As far as jigs,I use what is called a Mahat jig,it's a version of the 3oz arrowhead jig... Yeah it does sink a shade faster,but has such a wide profile from the side that a cobe will flat out turn on it and suck it down.. Haven't really had a problem with it sinking too fast.. Very few refusals on that jig,unless it is really late in the season and fish have seen everything out there.. Best jig for fishing wrecks,aside from maybe the butterfly jig that I have found.. jmo.. We also have what is called a squid jig up here that many use with great sucess,but haven't had the need to switch...

Wish you luck on the oilspill,as well as us.. Our fish come from that way,so whatever ya'll got directly affects our fishing in the long haul..


----------



## johnfl (Dec 16, 2009)

A 6500 Baitrunner is a beast if your going Baitrunner check the 3500B try to keep the reel around 18-20oz if your casting a 8' heavy action rod.


----------



## NCFishing (Dec 26, 2012)

I personally have a 700 battle on a star stellar boat 15 to 40lb class 7'. Its a nice stiff setup and you dont need a long rod to cast a 3 oz jig a mile... especially with braid.

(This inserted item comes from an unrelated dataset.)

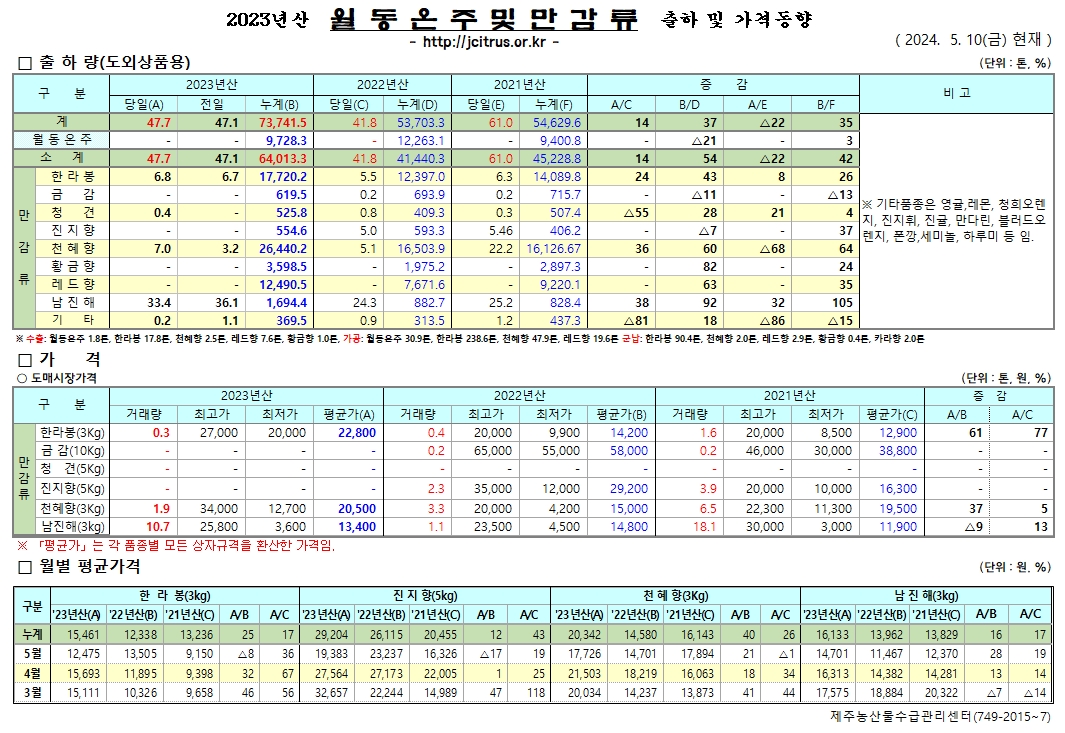 [노지온주]2025년산 출하 및 가격동향(10/10)

I use 50lb pp albrighted to a bit of 50 lb topshot


----------



## Drumdum (Jan 6, 2003)

NCFishing said:


> I personally have a 700 battle on a star stellar boat 15 to 40lb class 7'. Its a nice stiff setup and you dont need a long rod to cast a 3 oz jig a mile... especially with braid. I use 50lb pp albrighted to a bit of 50 lb topshot



At the time this thread was posted,did not know as much about the battle. My son uses the 6000 battle on the planks,holds plenty of 30lb fireline which will pull trucks,with 80lb mono leader attached with bimini to "braid style" no-name. Now I know it is a cheaper lighter reel with and EXCELLENT DRAG! It handles braid well also.. Still sticking with the 8' ugly stick rod for durability on the planks.. Very affordable setup that does well..


----------



## surf rat (Jun 30, 2004)

Just noticed date.


----------



## NCFishing (Dec 26, 2012)

Yup it has a great drag, especially since it has 25 lbs of drag. It stops big rays in their tracks


----------